Ben Lindstrom wrote:
> On Tue, 10 Dec 2002, Jan-Frode Myklebust wrote:
[snip]
> > Unfortunately I haven't found any AIX library calls that helps here, so I
> > think OpenSSH will have to implement these rules, or use the systems
> > /bin/passwd which should do the right thing. BTW: why isn't the patch
> > using /bin/passwd ?
> 
>  /bin/passwd can be used for v1, but if one is to honor v2 specs password
> change must be done before the interactive shell is started so it makes it
> harder to handle password change via /bin/passwd unless you can come up
> with a clean silver bullet that passes all information back to the user no
> matter how badly written/formated the /bin/passwd is.

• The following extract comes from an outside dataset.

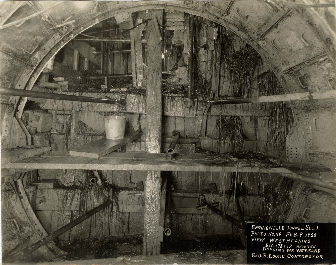 View of west heading of tunnel, Springwells Station, Detroit water supply system. Printed on front: "Springwells tunnel. Sec. 1. Photo no. 40. Feb. 9, 1928. View west heading. Sta. 178 & 13 showing bracing for wet sand. Geo. R. Cooke, contractor." Stamped on back: "American Commercial Photo Co. 25 Parsons St. Detroit, Mich. Glendale 7152."

As Ben said, using /bin/passwd in v2's (pre-session) PASSWD_CHANGEREQ
requires writing expect-like functionality that would be very hard to
get right across all platforms.

> I know Darren wrote one to use /bin/passwd but after we both looked at it
> we pretty much decided it was not something we wanted to handle, but the
> more I think about this.. the more I'm starting to agree with Markus.  No
> matter the additional risks of changing passwords after the tty for v1 and
> v2 has been open it should be done that way.  This is just getting way to
> complex to even manage in my head.

Ironically, this is more or less where I started a couple of months ago
on AIX.

I posted a multi-platform patch along these lines a couple of weeks ago:
http://marc.theaimsgroup.com/?l=openssh-unix-dev&m=103780221504047&w=2
If you want me to rework it, let me know what needs changing (eg the
port forward restrictions).

Do we do away with do_pam_chauthtok too?  It does almost the same thing
as /bin/passwd.

> Then we just block non-interactive sessions with 'must change password'
> commentary  (Public keys?!?).

Good point. Can you justify forcing a password change if the password
isn't used in the login? Maybe just a warning?

-- 
Darren Tucker (dtucker at zip.com.au)
GPG key 8FF4FA69 / D9A3 86E9 7EEE AF4B B2D4  37C9 C982 80C7 8FF4 FA69
    Good judgement comes with experience. Unfortunately, the experience
usually comes from bad judgement.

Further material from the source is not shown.